The ADEC science panel held a teleconference on July 26, 2012.  The meeting was intended to cover the industry wastewater treatment surveys recently received, the status of the Best Available Technology (BAT) review, and the status and timeline of the final report.

Most of the meeting was spent discussing the survey responses received from the industry.  The surveys covered current wastewater treatment, prevention, and control efforts including the effectiveness and the cost of those efforts.  Responses were received from 17 ships.  The facilitator of the meeting walked through one of the responses (MS Westerdam) to highlight the type of information that was provided.  ADEC and the facilitator indicated numerous times how much information was received and how pleased they were with the detail.  The panel members definitely reflected the positive sentiment as well.

The panel discussed information such as operations and maintenance costs of the current systems, how the regulations impact itineraries, whether upgrades were being planned, and ratios of black and gray water.  The discussion was fairly technical and was a lot for the panel to digest, but overall ADEC and the panel felt the detail would be very helpful in finalizing the report.  ADEC staff also made a comment about the information assisting the development of the 2013 permit.

ADEC indicated that they intend to look at the operation and maintenance costs and will calculate the Net Present Value (NPV) as part of their economic feasibility analysis.  They highlighted a chart showing the influent and effluent of each system and concluded that no ships treating black and gray water were able to meet Alaska Water Quality Standards (AWQS) at the point of discharge.  They further suggested that there was no benefit of calculating the NPV if they did not have technology that was proven to meet AWQS on a ship.

Several panel members would like to highlight technology they feel has potential to meet AWQS.  ADEC and the facilitator indicated the draft report already discusses various technologies but if something is not proven to be effective, they could not really consider it as a best available technology.  There will likely be more discussion on this and several panel members seem to want to recommend industry action (some level of improvement).  However, the majority of the panel, and ADEC, seem comfortable with the information presented which indicated that no additional treatment, prevention, or control method would result in an ability to meet AWQS.  The only exception was to the issue of discharging wastewater to shore.  Lincoln Loehr pointed out that even with shore discharges, the ships would not be able to meet AWQS, they would simply be meeting the standards in their, and the municipal, permits.  They also added that even if offloading wastewater passed the BAT test, it would still need to be evaluated by the panel to determine if there was an environmental benefit.

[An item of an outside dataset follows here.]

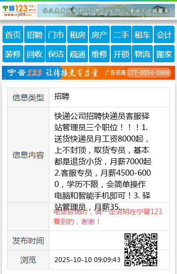 快递公司招聘快递员客服驿站管理员三个职位!!!

The final topic was the status of the report and the Panel’s timeline going forward.  The facilitator indicated that much of the report needs to be edited.  They intended to have the panel members edit the report in the days following the teleconference.  We have been working with Lincoln on a number of edits that will be added prior to the next version being released.

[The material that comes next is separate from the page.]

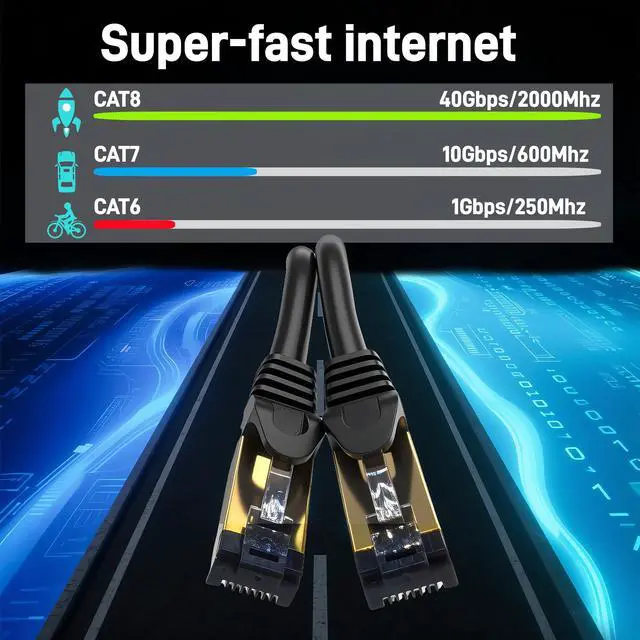 Cat 8 Ethernet Cable 6FT-50FT 26AWG Ethernet Cable - 2000MHz, Gold Plated RJ45. Heavy Duty, Weatherproof F/FTP, UV Resistant for Router, Modem, PC & Gaming (Indoor/Outdoor) (30FT-CAT8)

The Science Panel’s schedule is listed below:

August 10 – deadline to get next round of edits back from the panel

September 5 – send panel draft report

September 19 – Panel meeting to finalize preliminary draft report (meeting will be held in Juneau)

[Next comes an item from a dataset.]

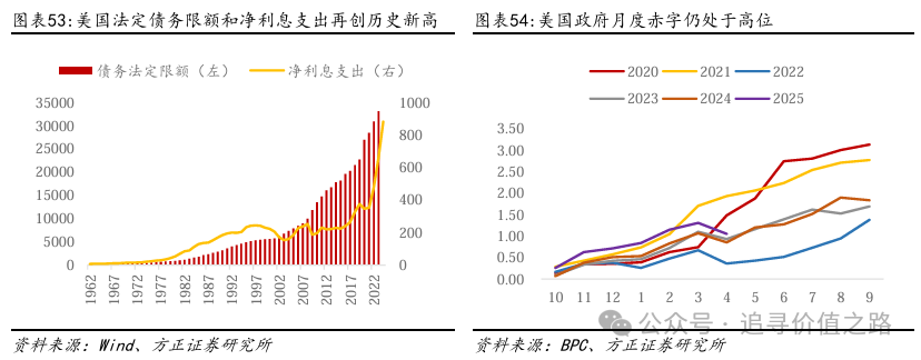 美国政府面临债务偿还压力,其偿债信用可能会影响美元的国际地位。美联储自2024年12月降息以来,联邦基金目标利率始终维持在4.25%-4.5%之间。高昂的利率环境会推高美国政府偿债压力,尤其是近期到期并新发行债务的利息负担,进而影响到美元的信用。从美国国债数据来看,美国债务法定限额和财政利息净支出均达到历史新高,美国债务偿还能力在当前利息环境下具有一定的不确定性。

September 20 – ADEC technology workshop (basically presenting the draft report to public)

September 21 – Panel meeting to make final changes based upon public comments and approve report to Commissioner



The ADEC Science Panel held a teleconference on May 23, 2012.  The purpose of the meeting was to discuss the status of the report and specifically, how the panel will approach their task of evaluating economically feasible and technologically effective treatment methods.

The topic generated more panel member discussion than other recent meetings.  While the panel did not resolve any final approach for the report sections addressing the evaluation of “other” technology, they did recognize that the majority of what can be done to improve the discharge quality has been done.  Several members expressed the position that spending much more to achieve only minor improvements would not be economically feasible or technologically effective.  Lincoln Loehr continued to stress the lack of environmental benefit of requiring system changes.  Many others agreed.

There is still a significant amount of work to do in editing the science panel report.  The concepts are generally there, but how they present the information and the data used to support their conclusions need improving.  We are working with Lincoln to submit edits as the panel works through the various sections.

The next panel meeting should be confirmed soon but at this time, is planned for mid-July.